----- RECORDS PROVIDED -----
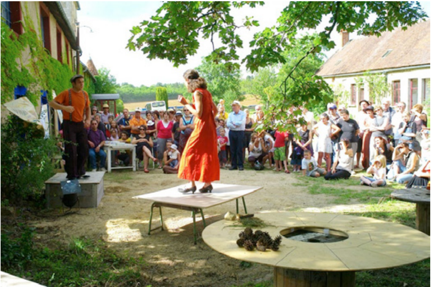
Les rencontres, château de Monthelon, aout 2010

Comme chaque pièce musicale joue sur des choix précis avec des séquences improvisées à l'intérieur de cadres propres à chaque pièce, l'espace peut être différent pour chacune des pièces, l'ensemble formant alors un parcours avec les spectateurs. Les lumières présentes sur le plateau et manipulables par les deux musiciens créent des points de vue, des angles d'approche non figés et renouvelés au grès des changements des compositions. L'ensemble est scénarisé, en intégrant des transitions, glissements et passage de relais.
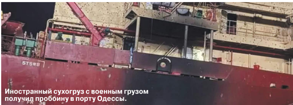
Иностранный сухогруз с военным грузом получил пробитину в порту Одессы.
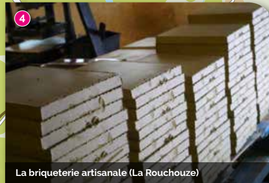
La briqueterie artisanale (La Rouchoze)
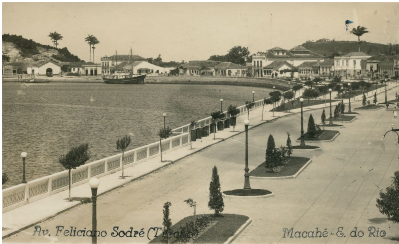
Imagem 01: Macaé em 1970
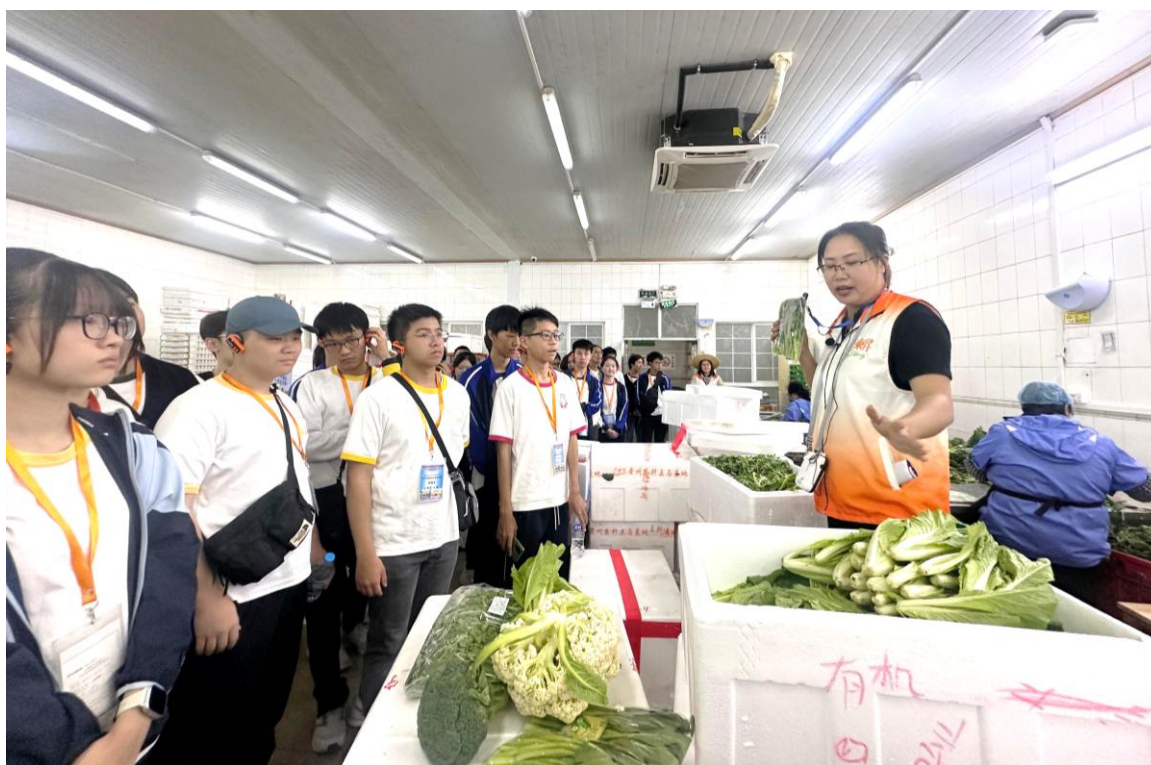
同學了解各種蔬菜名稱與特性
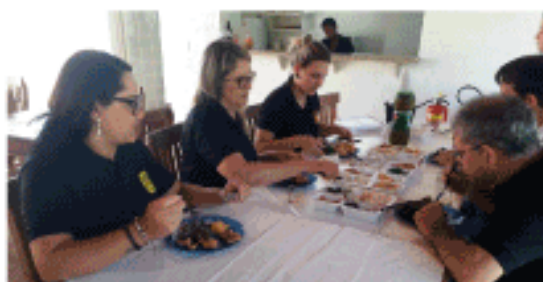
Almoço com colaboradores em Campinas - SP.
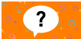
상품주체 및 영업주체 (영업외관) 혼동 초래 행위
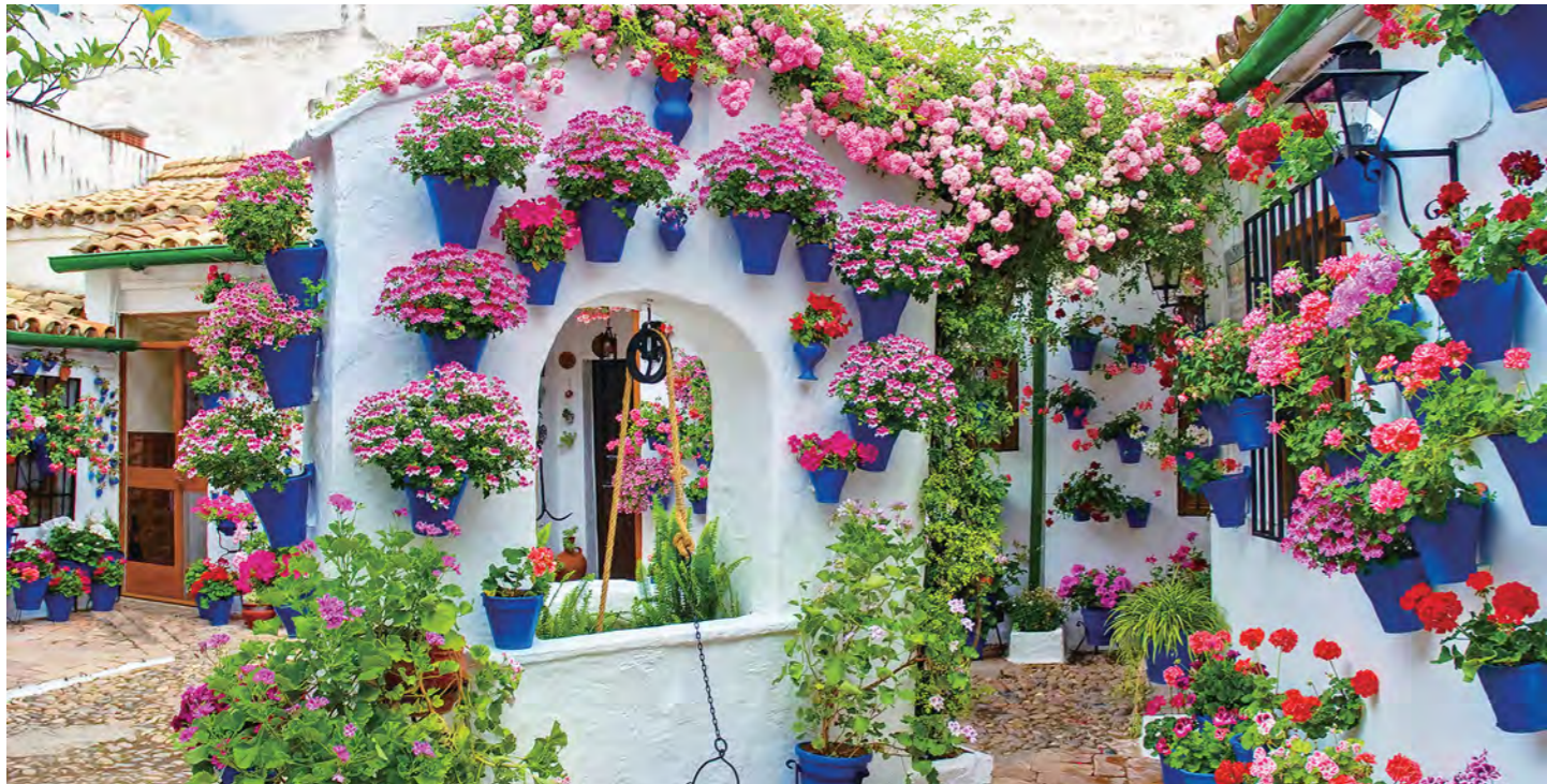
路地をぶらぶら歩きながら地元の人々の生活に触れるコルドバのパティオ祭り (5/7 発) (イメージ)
-----
**TASK DIRECTIONS:** Make an exact copy of the records above, with the pictures left out.

**RESPONSE BELOW:**
Les rencontres, château de Monthelon, aout 2010

Comme chaque pièce musicale joue sur des choix précis avec des séquences improvisées à l'intérieur de cadres propres à chaque pièce, l'espace peut être différent pour chacune des pièces, l'ensemble formant alors un parcours avec les spectateurs. Les lumières présentes sur le plateau et manipulables par les deux musiciens créent des points de vue, des angles d'approche non figés et renouvelés au grès des changements des compositions. L'ensemble est scénarisé, en intégrant des transitions, glissements et passage de relais.
Иностранный сухогруз с военным грузом получил пробитину в порту Одессы.
La briqueterie artisanale (La Rouchoze)
Imagem 01: Macaé em 1970
同學了解各種蔬菜名稱與特性
Almoço com colaboradores em Campinas - SP.
상품주체 및 영업주체 (영업외관) 혼동 초래 행위
路地をぶらぶら歩きながら地元の人々の生活に触れるコルドバのパティオ祭り (5/7 発) (イメージ)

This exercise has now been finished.